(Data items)
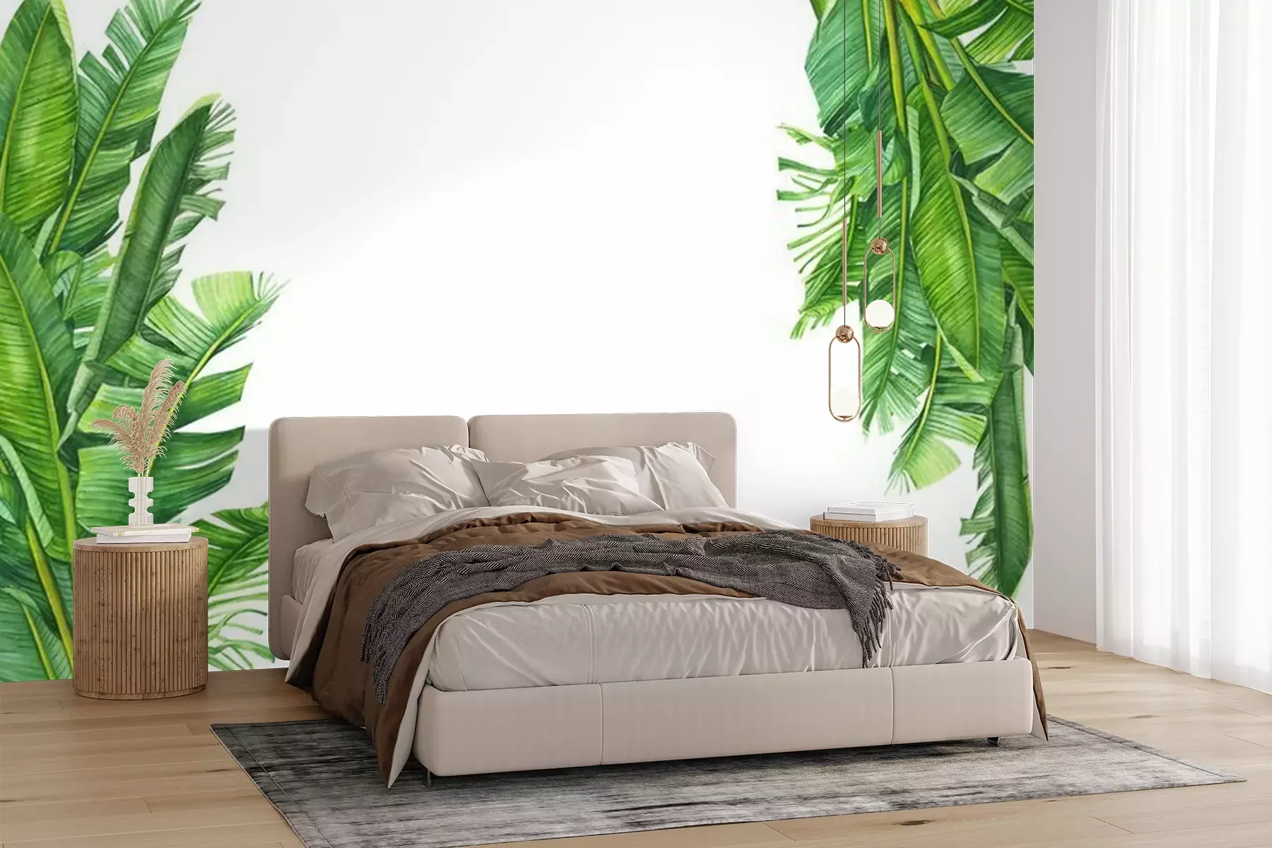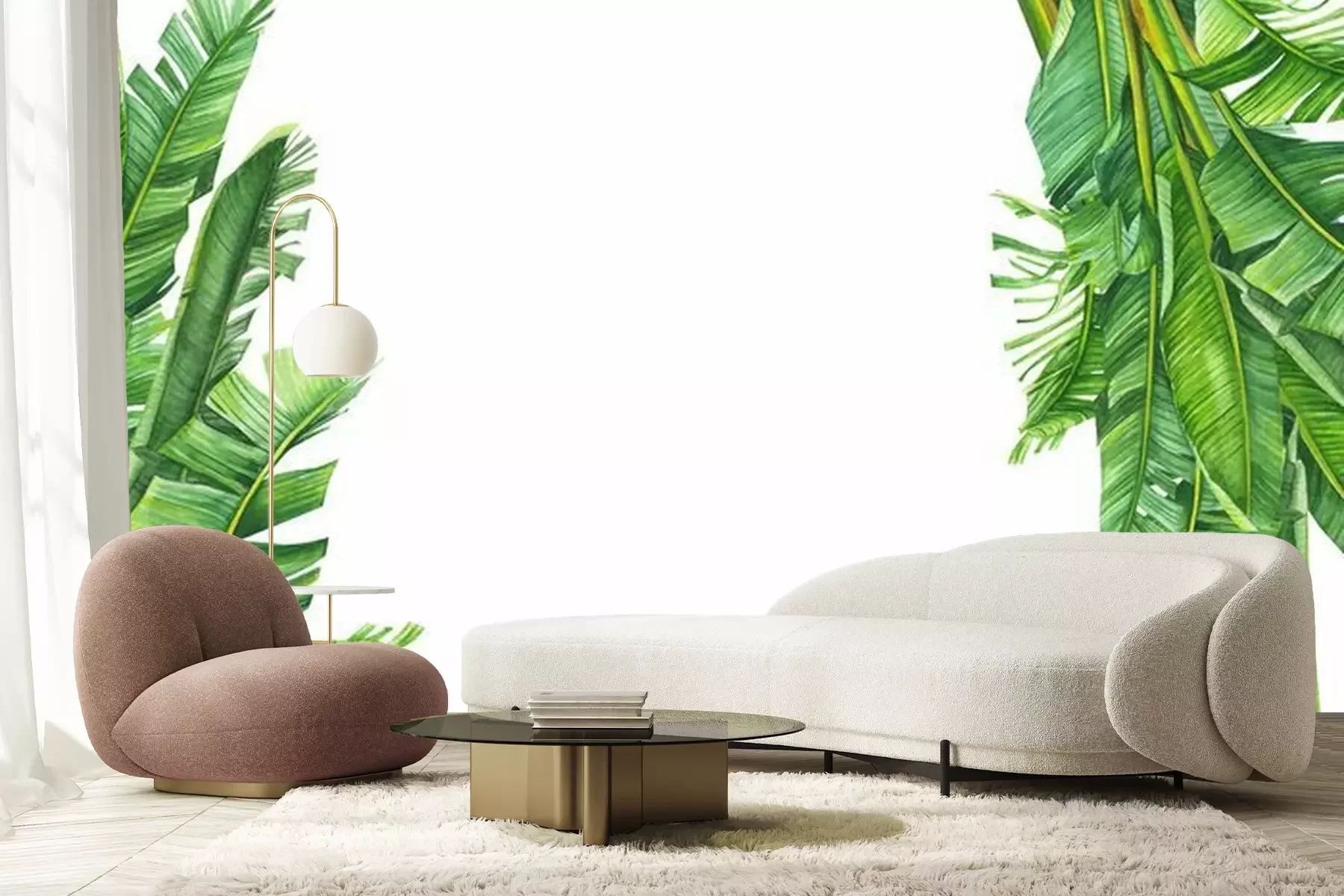 Sticker Greeting card with place for text, invitation. Tropical plants, banana palm on an isolated white background, watercolor illustration, hand drawing, botanical painting
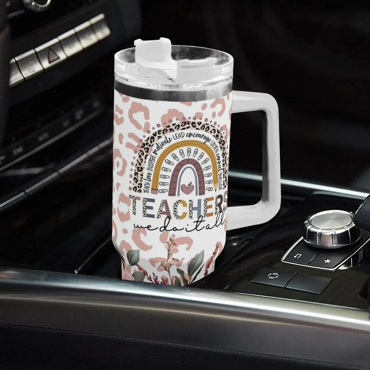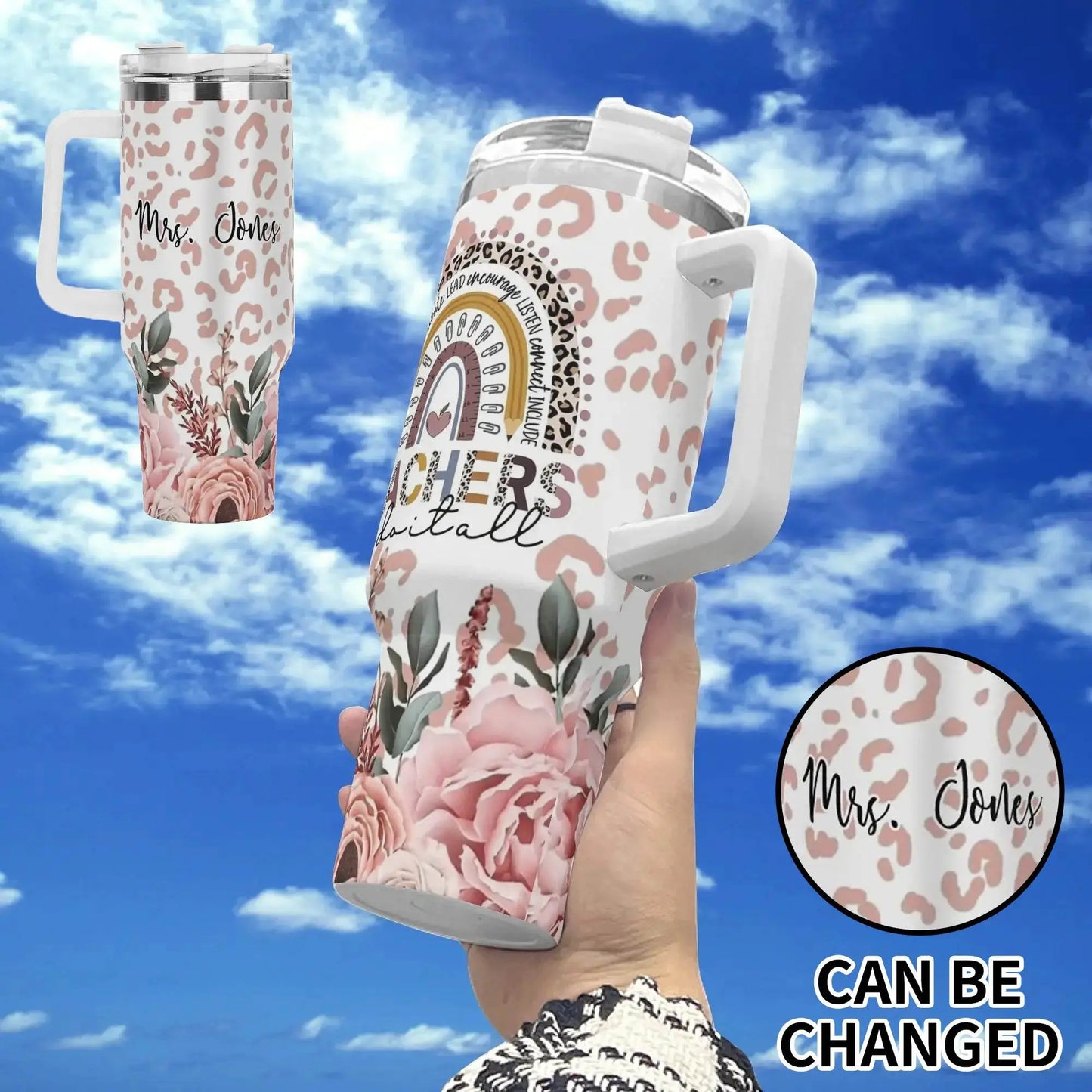 • TEACHERS 40oz Stainless Steel Tumbler With White Handle and Straw For Teacher Appreciation Gifts from Students, Custom Teacher Tumbler for Teachers Day, Birthday !
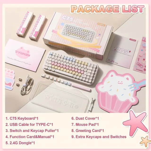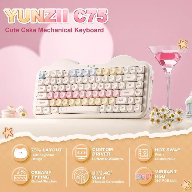 The new YUNZI C75 cute mechanical keyboard series is a sweet addition to desk accessories with a colorful keyboard design. Boasting all the beloved featureshigh-quality mechanical keyboard, compact 75% layout Keyboard, wireless, BT, and wired connectivity, and creamy typing sound. This cute wireless gaming keyboard shines as a gift or a charming setup for the home, office, workspaces, and gaming stations.
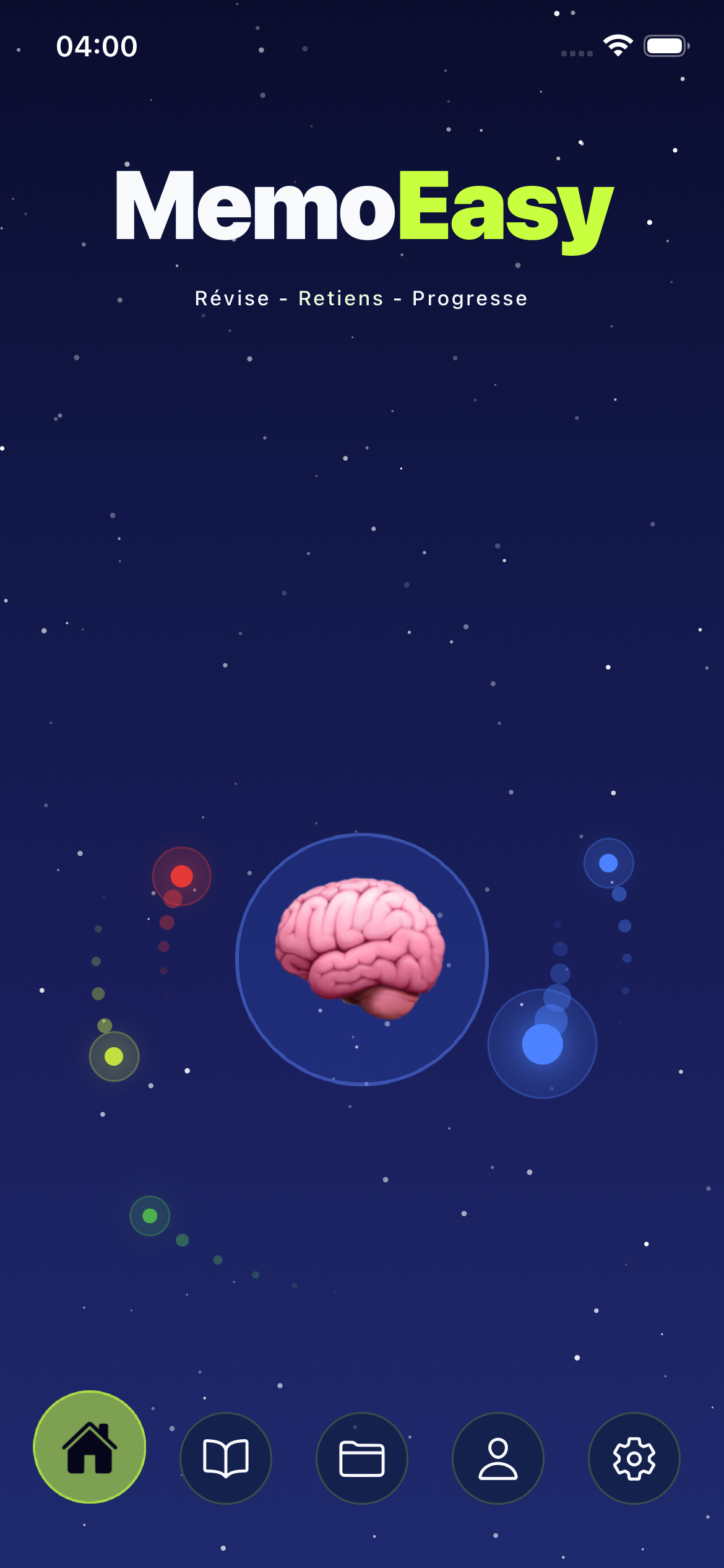 En bas : la barre de navigation pour accéder à tes fiches, sujets et paramètres.
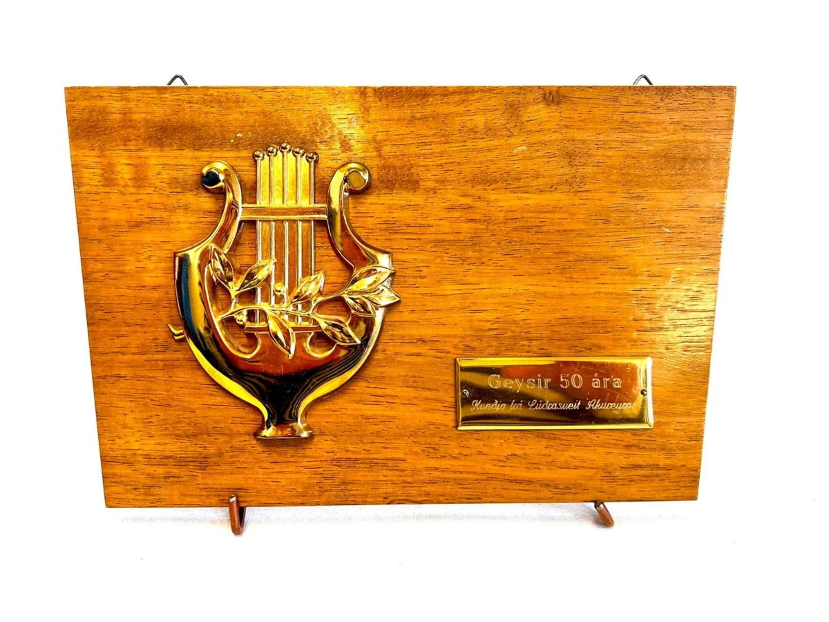 Viðarplatti með gylltri hörpu og áletrun á litlu skilti : Geysir 50 ára. Kveðja frá Lúðrasveit Akureyrar.
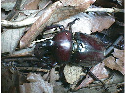 カブトムシが羽化して出てきた。 角が曲がっているのは、サナギの時に掘ったからかな?
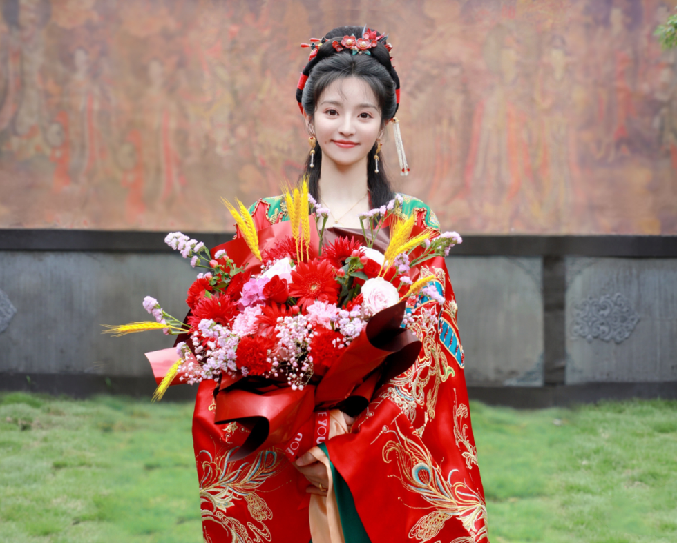 从这些杀青照中可以看到,几位主演身穿古装,手捧鲜花,面对镜头露出微笑,十分喜庆,尤其是饰演“李玉湖”的新人演员田曦薇,杀青当天身穿大红色刺绣古装,头戴发饰,宛如仙女一般,再加上一双大眼睛,给人感觉并不像一位会武功的女子,与当年的黄奕有些许不同。
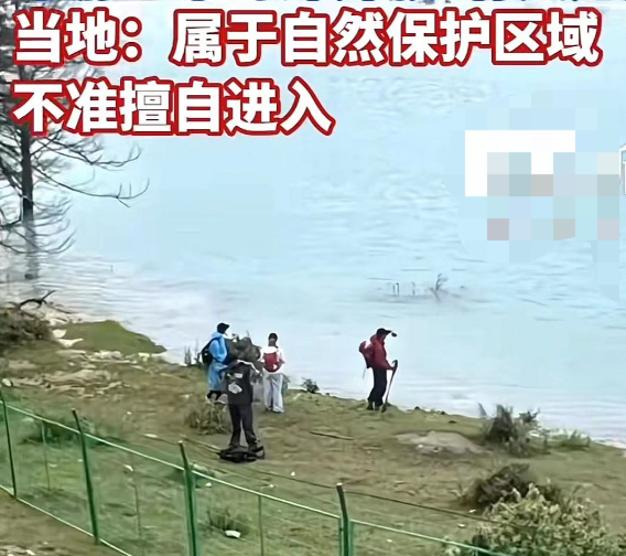 在位于自然保护区的湖泊旁,有人为了寻找独特机位,无视“禁止入内”的警示,翻越围栏,踏入湖中。
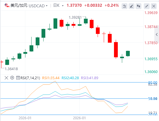 从1.3929高点测得到1.3671低点,23.6%的斐波那契回撤位1.3732作为附近的枢纽,而1.3770的38.2%则构成初始阻力。若继续突破后者,反弹可能延伸至100期限均线1.3832,而收盘价回落至1.3732以下则在更广泛的空跌情境下反弹风险较大。
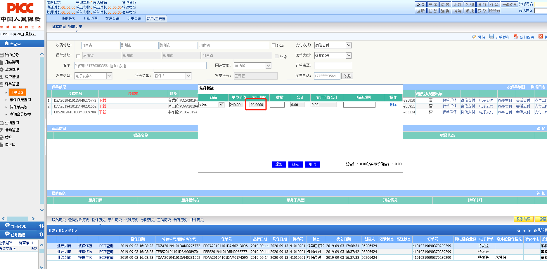 【出单中心2.0-人保电销】电销系统便捷下载选择礼品时,礼品的实际价值显示四位小数,应该为两位小数。
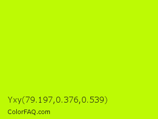 Yxy 79.197,0.376,0.539 Color is a normal lime color and the nearest color is Lime #bfff00. Hex code #bdfa04 and RGB value is rgb(189,250,4). In RGB color space, this color is composed of 74% red, 98% green, 2% blue, In CMYK color space, this color is composed of 24% cyan, 0% magenta, 98% yellow , 2% black , In HSL color space, this color has a hue angle of 75° , 97% saturation and 50% lightness.
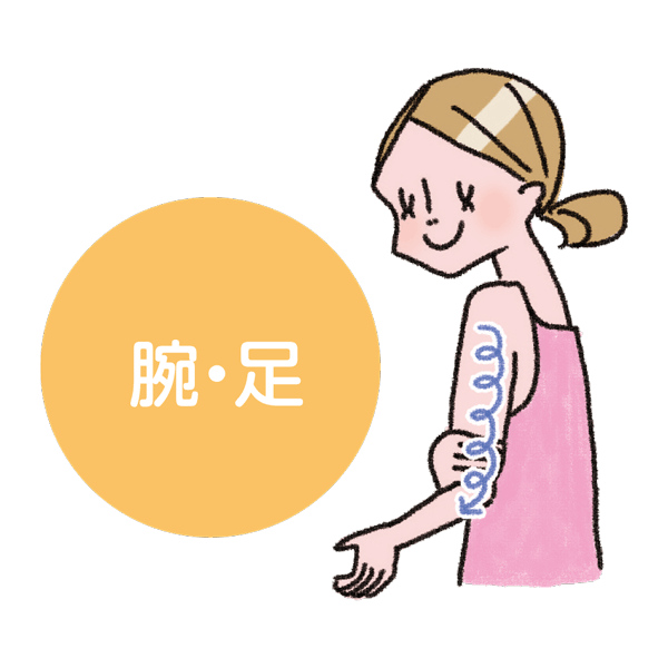 腕や足に沿って日焼け止めを線状に出し、円を描くようにムラなく広げていく。日焼けしやすい手の甲や腕には重ね塗りがおススメ。
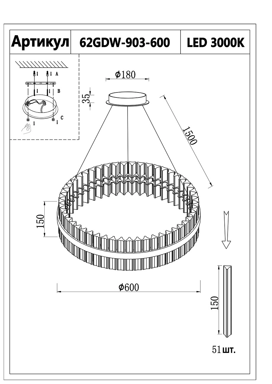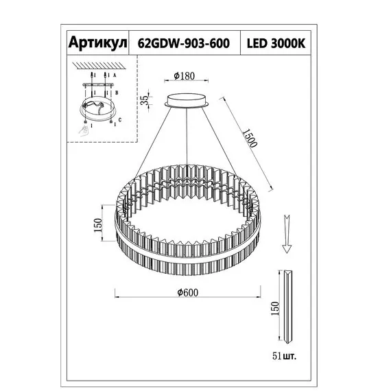 Garda Decor 62GDW-903-600 Люстра Alpina d60см h15см

EXERCISE: Each line from the one containing "カブトムシが羽化して出てきた" through the last line of the data should be written out exactly. Skip the pictures, and add no other lines.

RESULT OF THE EXERCISE:
 カブトムシが羽化して出てきた。 角が曲がっているのは、サナギの時に掘ったからかな?
 从这些杀青照中可以看到,几位主演身穿古装,手捧鲜花,面对镜头露出微笑,十分喜庆,尤其是饰演“李玉湖”的新人演员田曦薇,杀青当天身穿大红色刺绣古装,头戴发饰,宛如仙女一般,再加上一双大眼睛,给人感觉并不像一位会武功的女子,与当年的黄奕有些许不同。
 在位于自然保护区的湖泊旁,有人为了寻找独特机位,无视“禁止入内”的警示,翻越围栏,踏入湖中。
 从1.3929高点测得到1.3671低点,23.6%的斐波那契回撤位1.3732作为附近的枢纽,而1.3770的38.2%则构成初始阻力。若继续突破后者,反弹可能延伸至100期限均线1.3832,而收盘价回落至1.3732以下则在更广泛的空跌情境下反弹风险较大。
 【出单中心2.0-人保电销】电销系统便捷下载选择礼品时,礼品的实际价值显示四位小数,应该为两位小数。
 Yxy 79.197,0.376,0.539 Color is a normal lime color and the nearest color is Lime #bfff00. Hex code #bdfa04 and RGB value is rgb(189,250,4). In RGB color space, this color is composed of 74% red, 98% green, 2% blue, In CMYK color space, this color is composed of 24% cyan, 0% magenta, 98% yellow , 2% black , In HSL color space, this color has a hue angle of 75° , 97% saturation and 50% lightness.
 腕や足に沿って日焼け止めを線状に出し、円を描くようにムラなく広げていく。日焼けしやすい手の甲や腕には重ね塗りがおススメ。
 Garda Decor 62GDW-903-600 Люстра Alpina d60см h15см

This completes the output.